Наскочили на отмель. Подвязав полы длинной своей одежки, я выбрался из лодки и долго толкал ее. Потом влез обратно. Обогнули маленький остров, и тут я увидел на специальном столбушке железный щит с надписью: «Воспроизводственный участок. Охота запрещена». Получалось, что этот мелководный залив с камышом и прочей травянистой растительностью был местом утиных гнездовий и никто здесь не охотился, а мы бултыхались на виду у всего села и почем зря бабахали в небо.

Художники так увлеклись пальбой, что ничего не заметили. Тут, к счастью, погода переменилась: поднялся ветер, начал накрапывать дождь, и мы заспешили к берегу. Я понял, что человек на кораблике охраняет этот участок и что он был совершенно потрясен невиданными нарядами и от растерянности не смог даже остановить нас. А жители села, ошарашенные престранной картиной, смотрели в окна и, кажется, не решались выходить на порог.

Но теперь-то мы нарушители закона, и старик — самый главный, поскольку именно он стрелял… Хорошо еще, что ничего не добыли.
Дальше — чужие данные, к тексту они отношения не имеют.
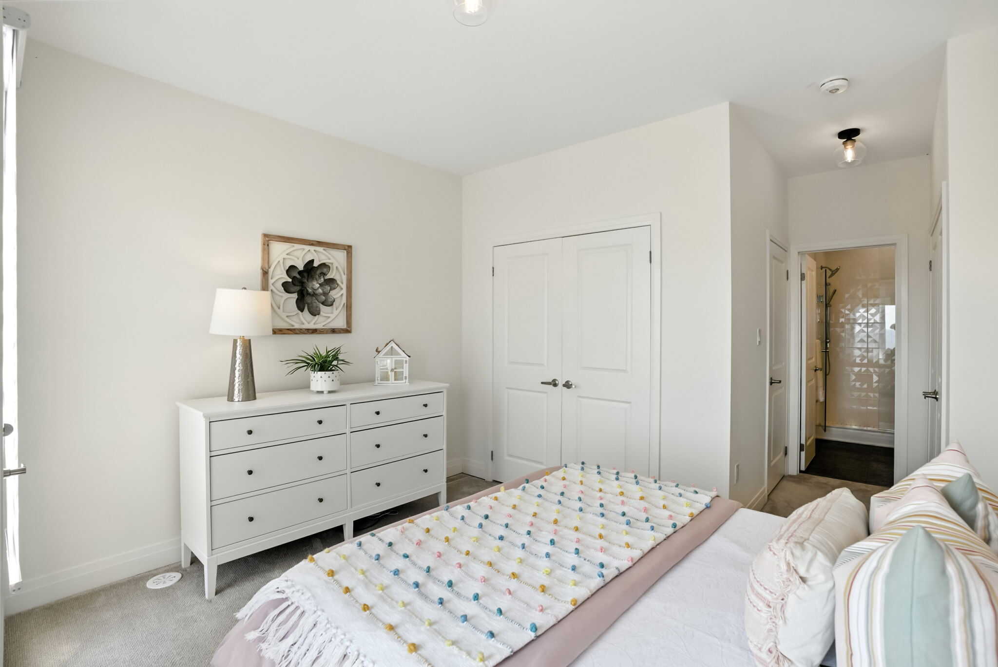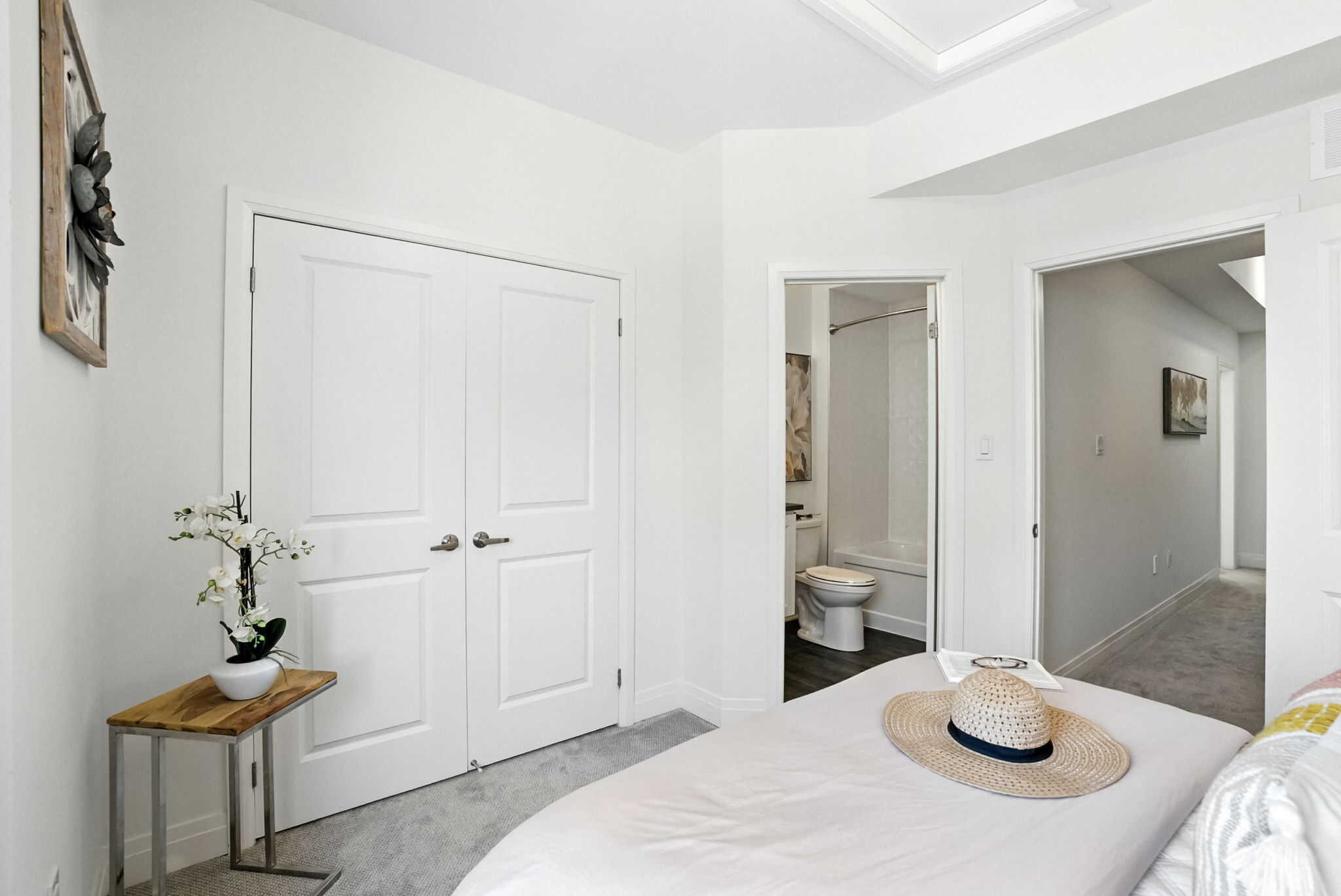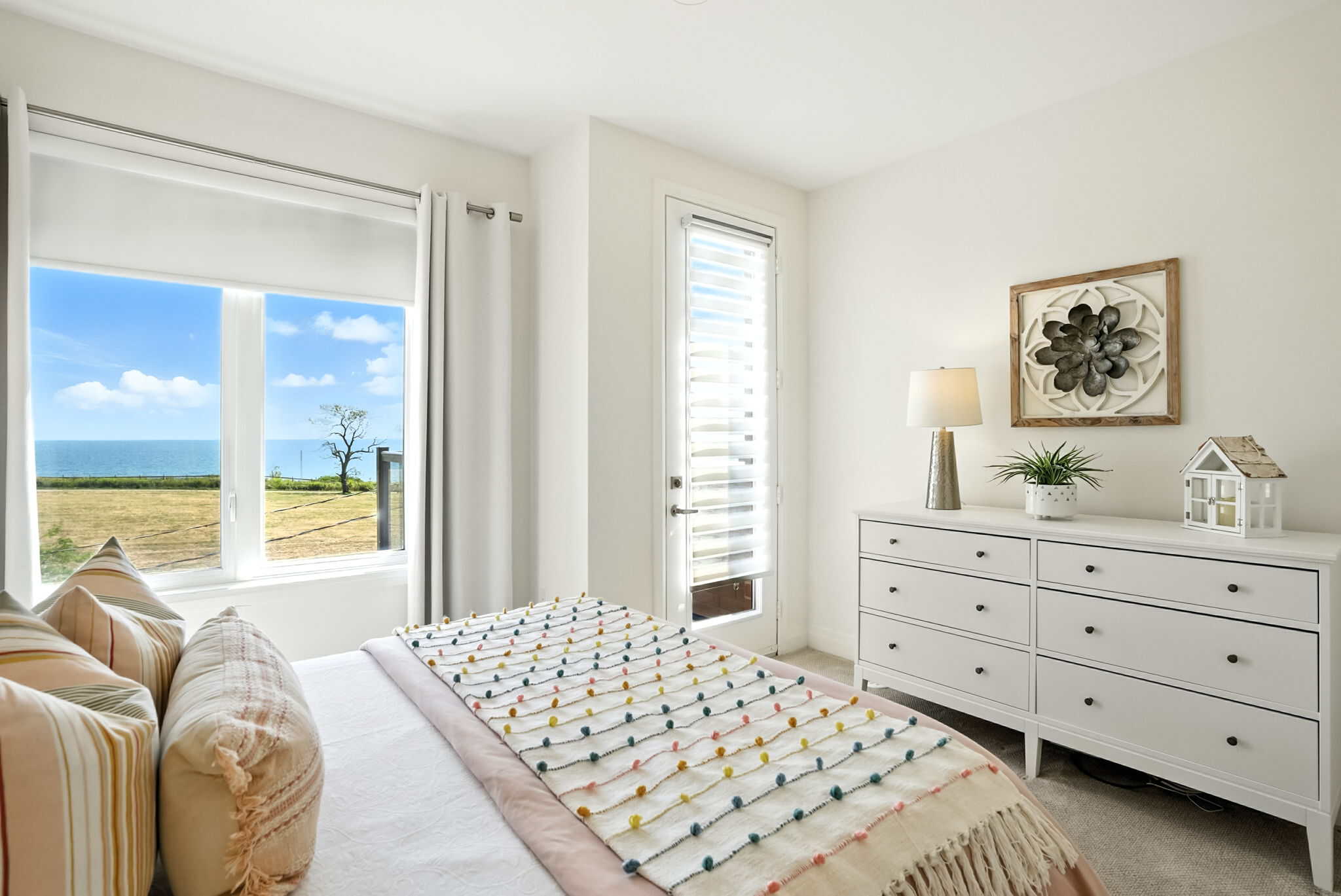 The primary suite is a true retreat, featuring his-and-hers closets, a private balcony with stunning lake views, and a spa-like ensuite with a glass shower. The second bedroom also enjoys its own ensuite and large closet. The ground level offers a third bedroom, full bathroom, and interior access to the garage with epoxy flooring.

Охранник природы наверняка уже вызвал милицию, и у кораблика нас могла ожидать невеселая встреча… Вот уж порадуем архиерея! И нечего винить тюменских братьев: они, думается, были вполне искренни — сами только приехали и про здешние края мало что знали: «уток — тьма». Между тем дело неожиданно принимало арестантский оборот — оставалось только молиться…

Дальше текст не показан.